Ryan Donovan: That 30%. I know that's the ‘probabilities’ he's solved coding problems. It's the stuff you can easily get statistically accurate code generation for. And everybody loves a greenfield project, but doing that 70% – what is the scope of that? Is it coding, infrastructure, you know, incident management? What's the full range of that 70% that is not fun?

Spiros Xanthos: It's not always 70%, right? Sometimes it might be 50/50. Sometimes it might be actually even worse, right? Like, I talk sometimes to very large enterprises that have legacy code bases that, maybe they go from newer applications running on the cloud and Kubernetes, all the way to mainframes. And you know, those tend to be even worse in terms of, like, how much time it takes to maintain and evolve them. But you know, I think my point is that, you know, there's the building time, which coding is the main thing that you do there, and models have done a very good job being able to essentially generate code in bigger and bigger chunks, let's say. And I think that's gonna continue, and in some sense, it's gonna make the rest even worse, right? Now, what is in the rest? In the rest is many, many activities. It is, let's say, being on call and troubleshooting incidents, it is essentially managing infrastructure, for scaling, for cost. It is managing all the tools that you have in production, let's say, observability tools – you know, for example, having alerts in place, managing them for cost, creating dashboards. It is security and compliance, it is like rolling out changes and ensuring, you know, those land the right way. So, it is the combination of these things. What Resolve chose to focus on is, I would say, what is probably the hardest and maybe the most painful for humans as well, which is the on-call incident troubleshooting. So, we build the agents that can be on call, respond to alerts and incidents, troubleshoot those autonomously, get you an answer, get you to a root cause so you can essentially avoid creating, you know, escalations with many humans, avoiding affecting customers having outages and, you know, generally making it a lot easier, or giving you a lot more confidence that when something goes wrong, you're gonna have an answer at the same time. The way we build the system is to understand production software in general, and you'd be able to use all the tools, right? So it has applications to all these other problems I described.

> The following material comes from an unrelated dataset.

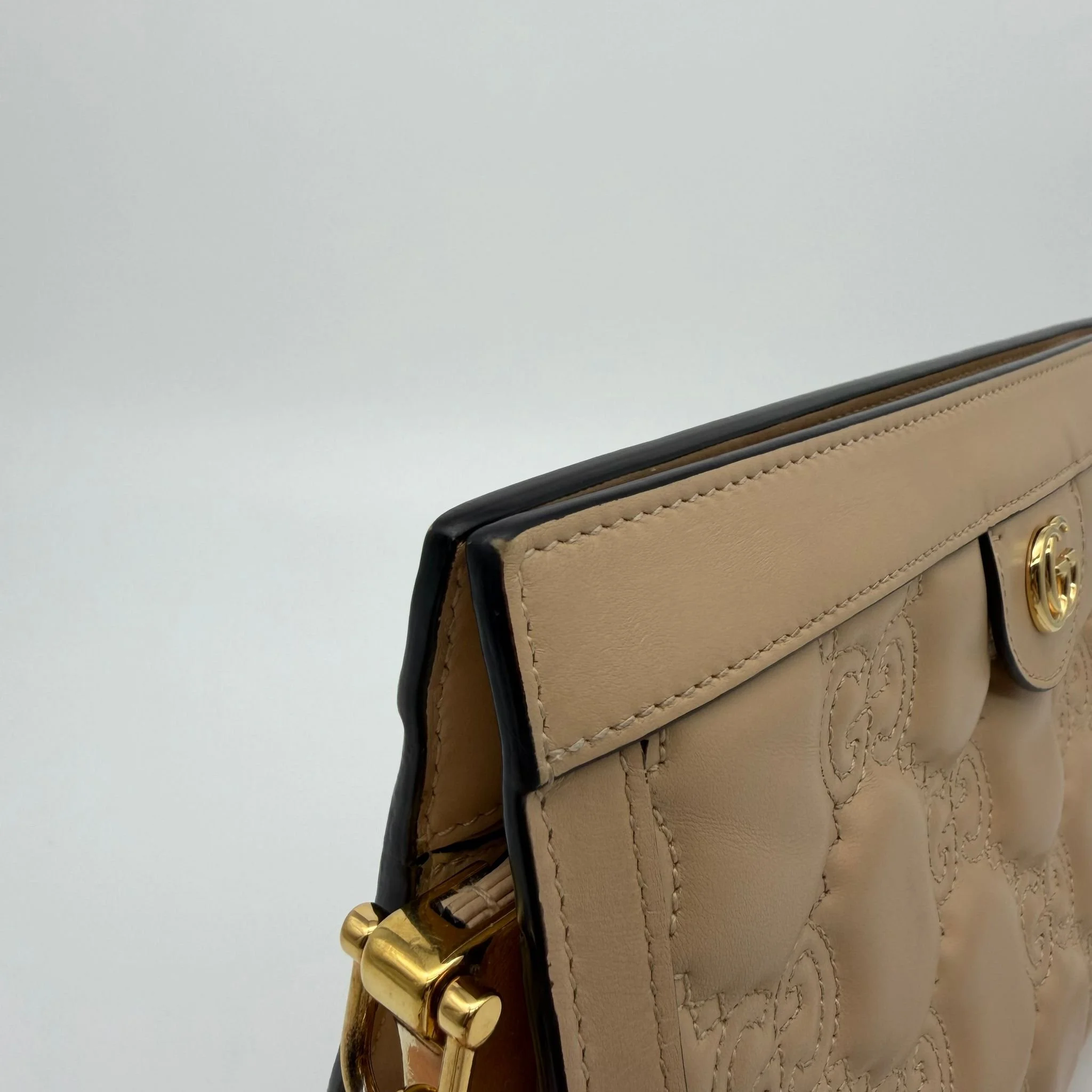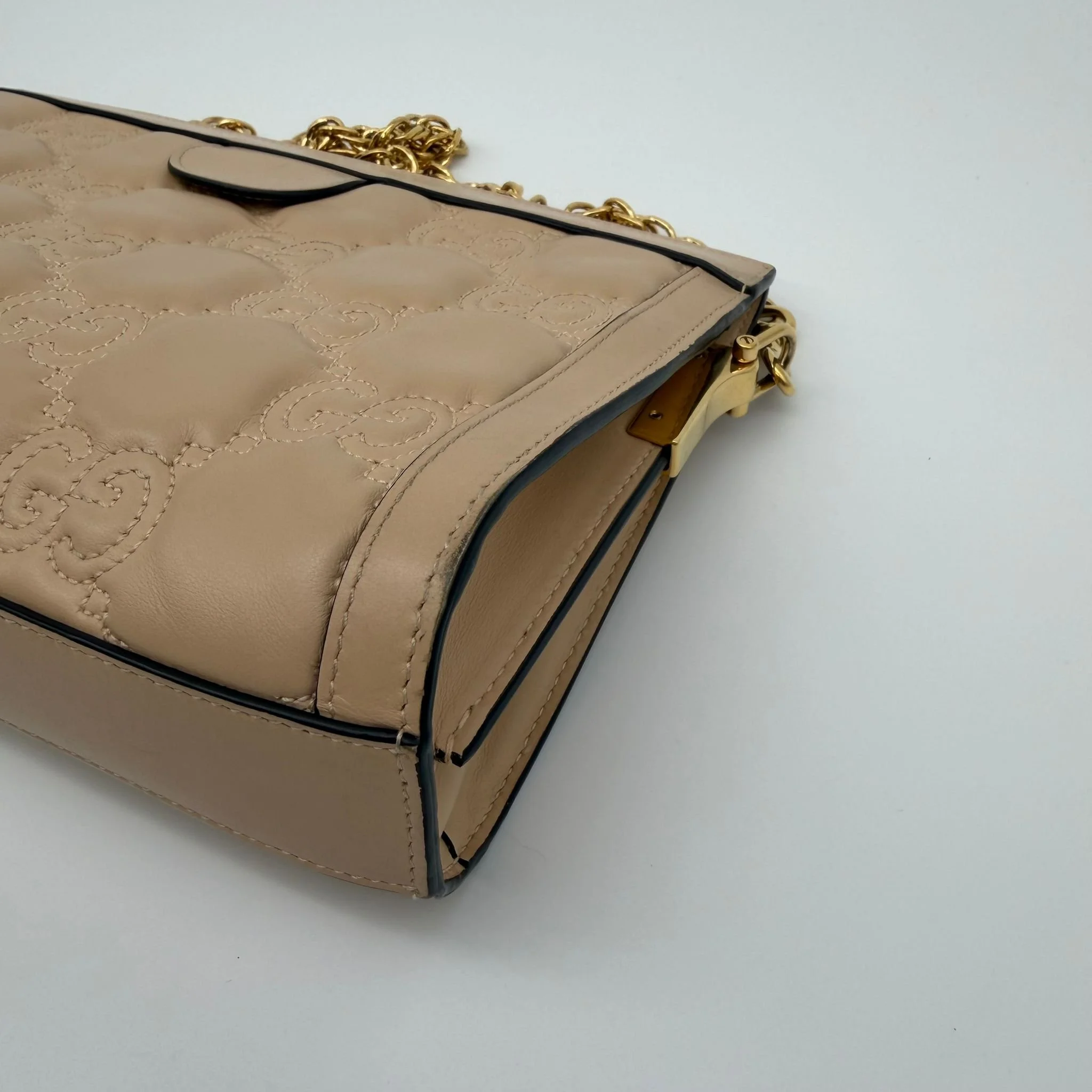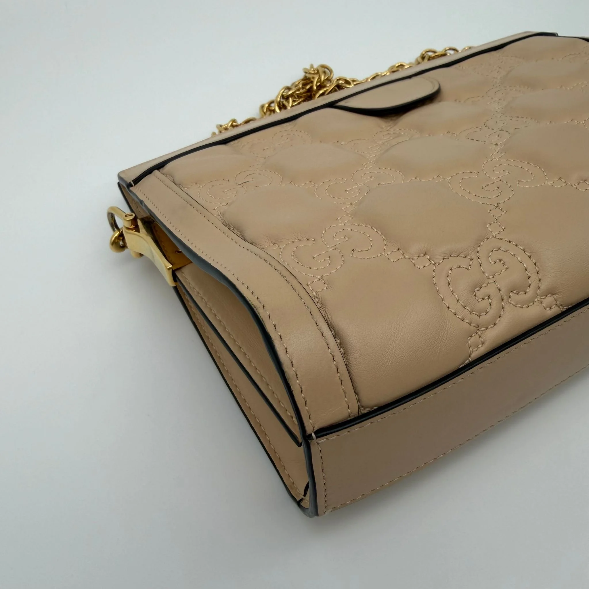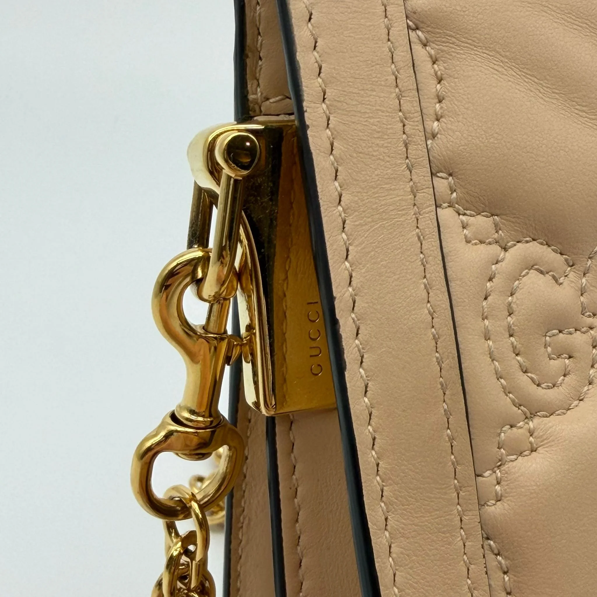Item Description/Model: Gucci GG Matelasse Monogram Small Shoulder Bag in Beige Embossed Leather Gold Hardware

Ryan Donovan: Incident response is very high pressure—requires low latency. So, when you have these AI agents, you know, I'm going to oversimplify it and sort of intentionally get it wrong: it's sort of like an automated runbook, right? The intentionally wrong is that I bet there's something more to it.

Spiros Xanthos: Yeah. I think if the way that Runbook was a solution would have had a solution 10 years ago, in my opinion, because every company at some scale starts maintaining Runbook's standard operating procedures. But the thing is, modern software systems are very dynamic and they change very, very frequently, sometimes 10-100 times a day. So, runbooks become obsolete very, very quickly. And unlike code that is, let's say, self-documenting, if a change happens in code, it is there, right? When a change happens to the production system, the runbook does not get updated automatically. So, you have this problem that runbooks are obsolete very quickly, but also problems don't impede themselves exactly the same way, right? There are slight variations. That's what makes any product that, you know, was attempted in the past, and you know, these things I worked on as well, right? What we called AI-Ops before, [are] very hard to scale because you cannot describe every problem, obviously. And then if you describe, let's say, a subset of the problems, then you know, the tools had at our disposal would not generalize well, right? So, would either catch that problem, or they would not, and then it goes back to humans to provide intuition. So, it's very, very different from that.

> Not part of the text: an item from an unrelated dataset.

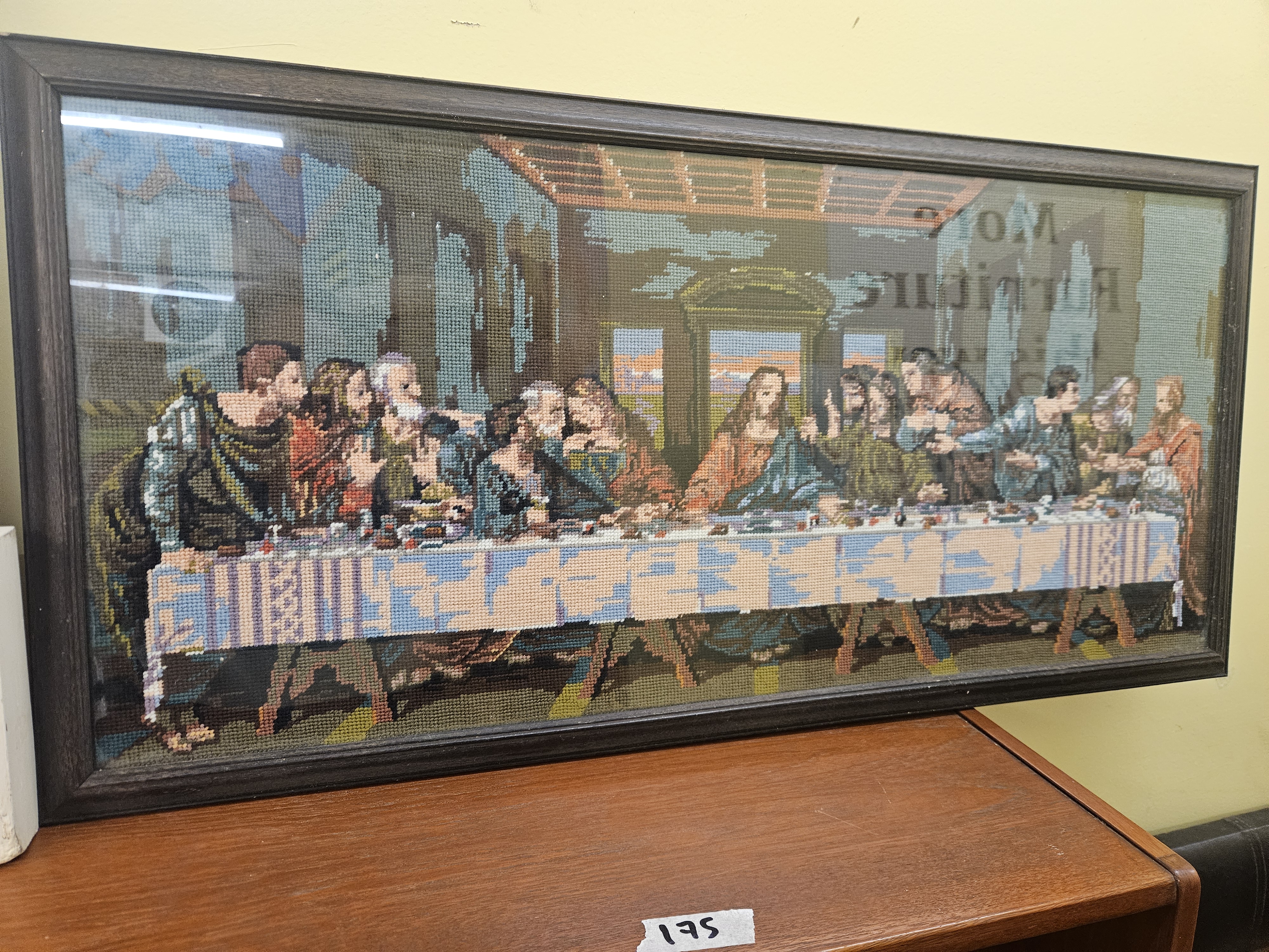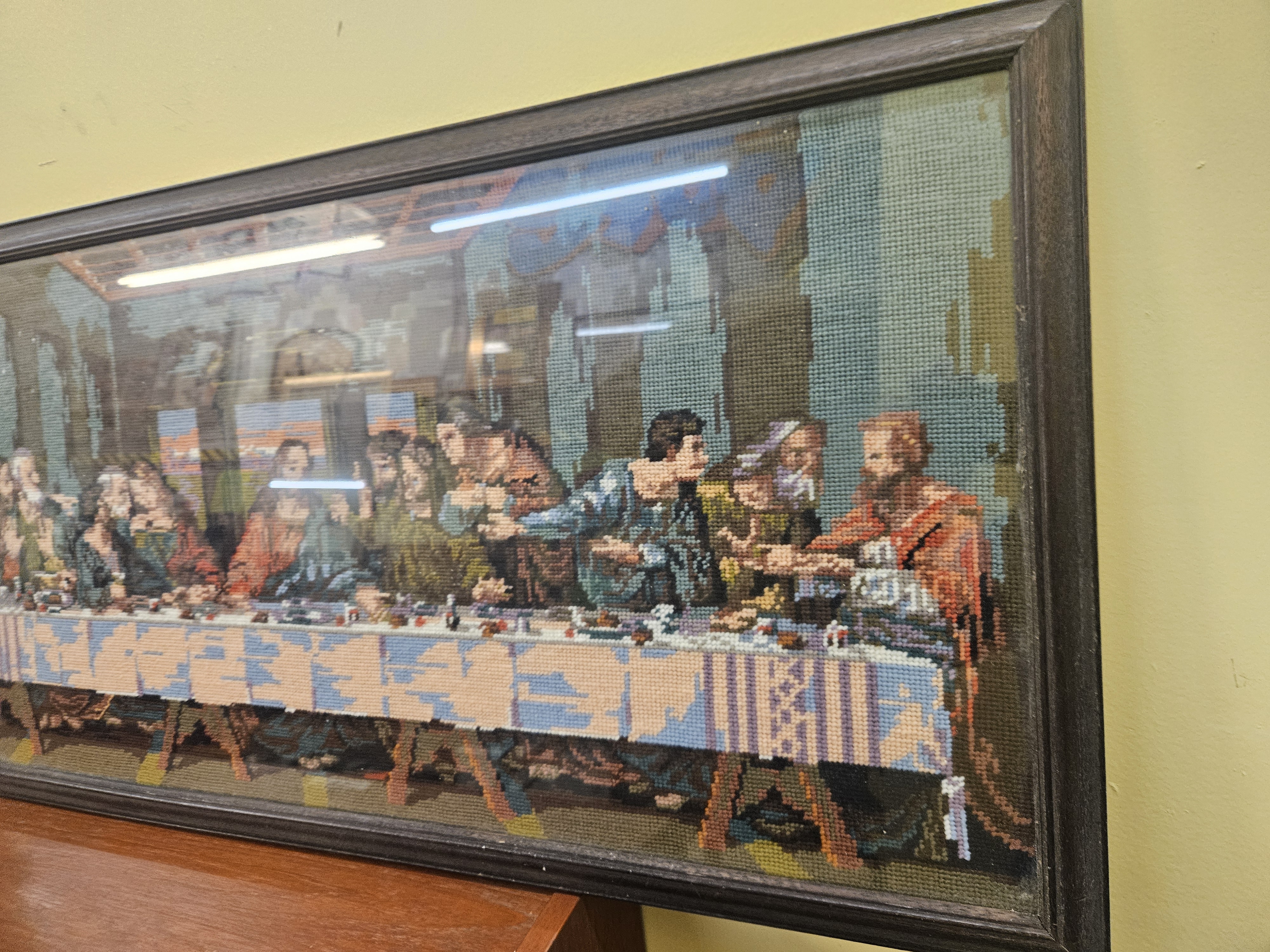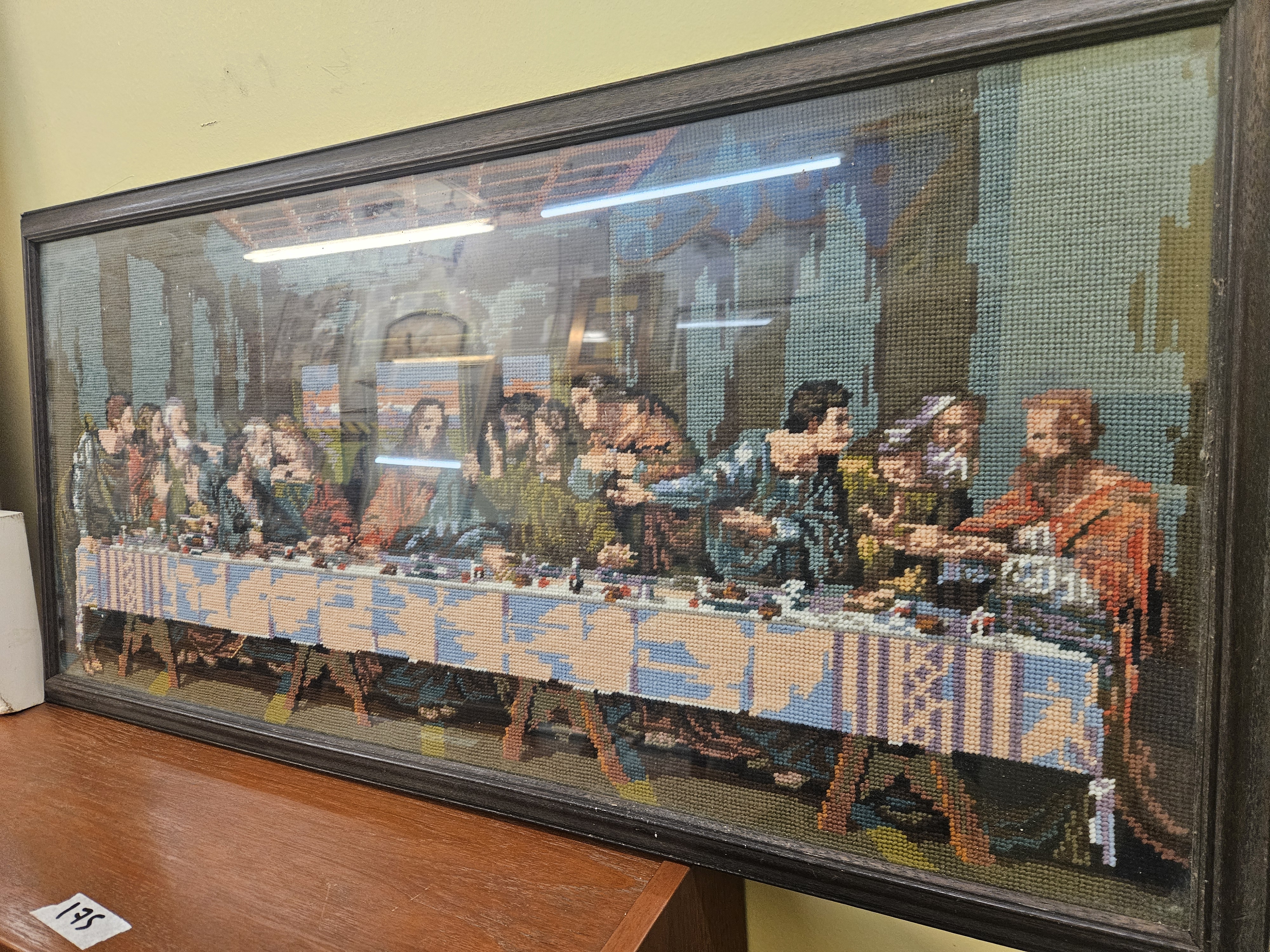 A mid-20th-century framed needlepoint tapestry of The Last Supper after Leonardo da Vinci

Ryan Donovan: When you were here with Splunk, we sort of talked about tracking down the mystery 500 server errors. Those ones seem to be, in the little I've looked at 'em, seem to be pretty squirrely. You track 'em down to a root service, and then you're like, 'all right, what's the number of things that could have failed here?' How does AI simplify that or track that down better?

Spiros Xanthos: So, think of it that what essentially Resolve AI does, and I think what maybe modern AI with agents can do, is more or less, do[ing] the work of humans. How humans troubleshoot a problem like the one you're describing is essentially using a combination of tools, like the example you gave. Maybe somebody starts with a low query, finds that there are a bunch of 500 errors coming from a part of the system, then we'll go zoom into that part of the system. They might check dashboards, they might check code, they might make changes, they might check feature flags, they might try to understand if there is a pattern change, they might try to understand if there is, like, a cloud service that is a dependency that is failing. To do all of that usually requires using many, many tools and combining the data in your head effectively about like – okay, practically stating hypothesis, trying to validate-invalidate the hypothesis, and as you find more data, maybe you state a new hypothesis, right? More and more refined. The problem with that is that a human can work serially, and it takes really a long time, and it's also even worse in practice, because maybe the knowledge that I have as a developer is limited to my services, right? The moment I need to jump to some other dependency, you know, I probably don't have the tribal knowledge, I don't understand, let's say the system, I don't understand, maybe, the telemetry... so, I need to page somebody else, right? Another team. And that can continue sometimes for three or four hubs until we get to the answer. What AI can do a lot better and a lot faster is actually, it can examine all of these things a lot more quickly and in parallel. And it can do all this, like, let's say, stressful work much, much more quickly. And then, it can involve humans when, let's say, maybe there is some uncertainty. And you know, a human has to decide which path to take, or maybe when an action needs to be taken that is either risky or reversible. In which case, maybe the best way is for a human to provide their judgment and decide what to do. But the actual evidence gathering, hypothesis testing, connecting the dots across multiple tools can be done a lot faster with agents.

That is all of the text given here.